I tried to cover all the bad things you could find in tutorials. False assumptions (the 01-tag for example). Bad documentation (hey, codepage is quite something easy to understand! You don't have to dig in any way to know the correct code for the è character). And incomplete explanations about a given problem, which lead to bad tricks and habits, such as the space-instead-of-a-$ trick which could be solved in a way better way.
As a conclusion, and if you haven't got the idea yet: just don't expect me to write any tutorial, ever. This is not in my way of doing. I'd rather spend 100 more time trying to guide you through some solutions (and maybe NOT the solution I'd do myself!) than giving you out a single line of tutorial. Just ask me questions. Just mail me. Just phone me. Just contact me by any mean you'd like. And ask structured questions about what's bugging you out. I'll try to be as constructive as possible, (if I have some time in my very busy schedule...) not by giving you my direct way to resolve your problem but by giving you some of the key and tools you're missing to process into a viable solution.
Okay, here is the final hint about "why it's so important not to follow a tutorial and apply that to another game, straight". Remember our Hello-02 hack ? Seems it went allright, huh ? Okay, we just followed the "Hello-01" tutorial to do it. And things seemd to be all right, which seems to defeat my previous rule. But what did we do, in reality ? Let's read the final hacked file in a disassembler.

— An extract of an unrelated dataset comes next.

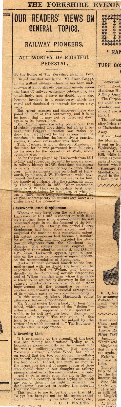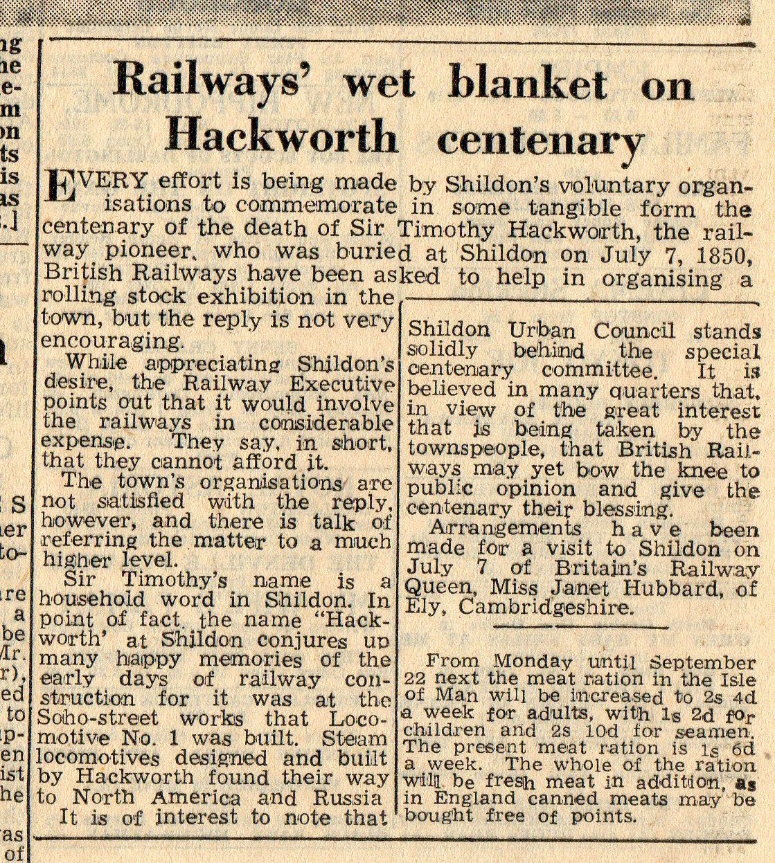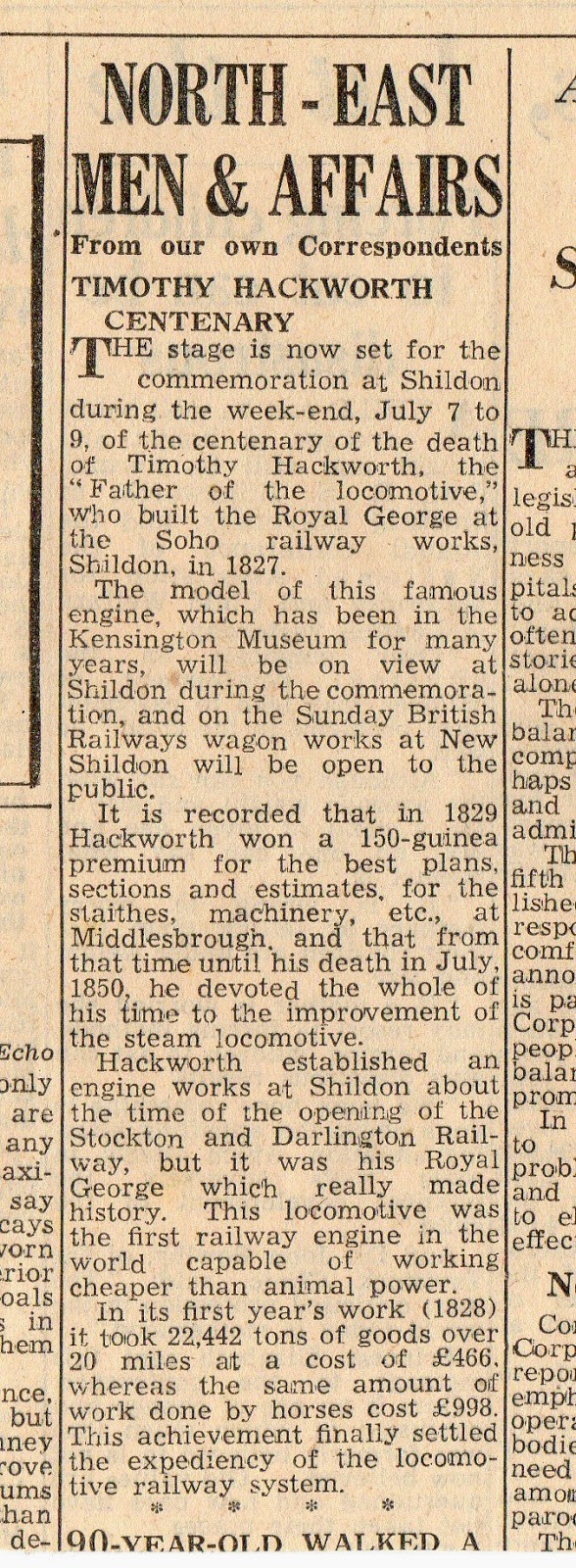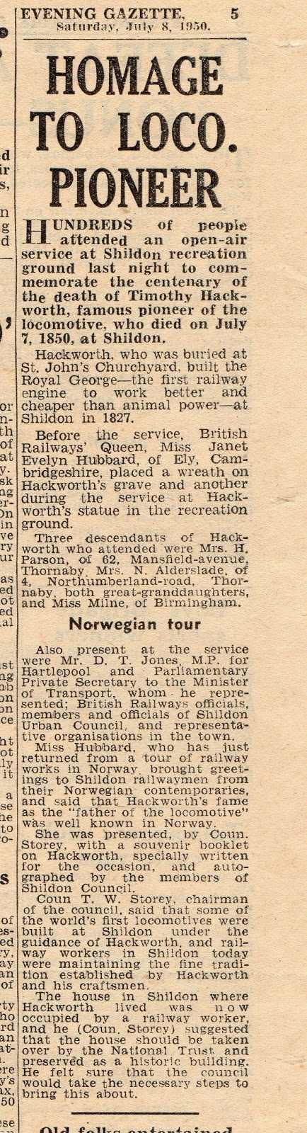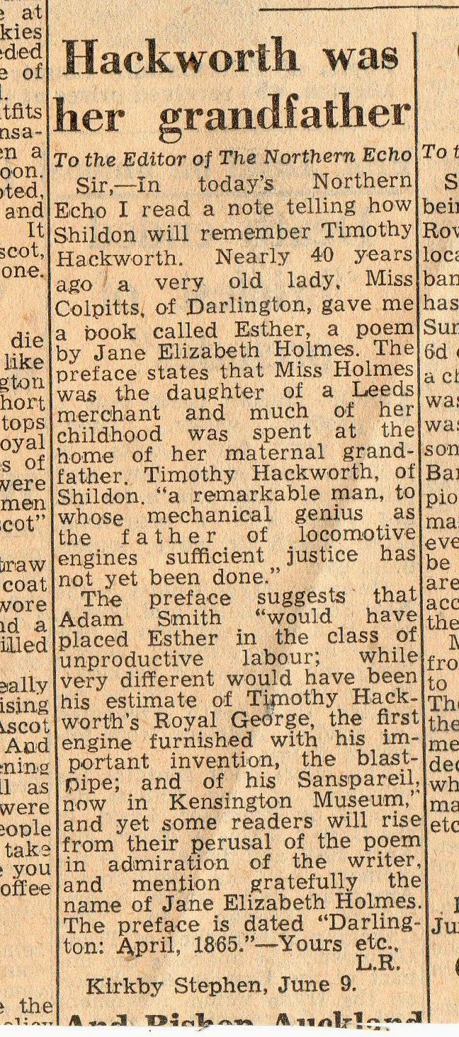 “Hackworth was her Grandfather” Press cutting Leave a Reply Press cutting Northern Echo c 1950 I think –

So, let's see... We changed the text allright, by moving the "garbage" a bit, which garbage seems to be instructions in reality. But, heck ? What the hell ? Our text is... chopped off... Huh ? The disassembler displays "...mond", but the software works nevertheless! What's the big idea ? Okay, time for some drawings...
See that little green circle ? It's a pointer in reality! It "points" to some chunk of code... and it points RIGHT in the middle of our text! See, these instructions here, they ARE the end of our changed text! HUGH! This is UTTERLY wrong! We actually added some instructions in the middle of the software! By "not understanding what the software was doing" and by "just following the previous tutorial", we actually added some funky instructions in the mess! Luckily they seems to be not too problematic (even though they tend to erase some part of the memory, which luckily is not used for us there), but the consequences could have been disastrous! Or even worse: random. Imagine: we could have introduced a random bug here, which would have been a terrible hell to track back. Or maybe impossible, if you really had no clue about what you were doing, and if you thought the tutorial you followed was all-right-and-magic.
So, lessons to learn here: Try to get clues about what the software does. Try to read the programmer's mind. Try to fully get the actual impact of the modifications you're doing to the software. And of course, don't read tutorials, ever - do it yourself instead.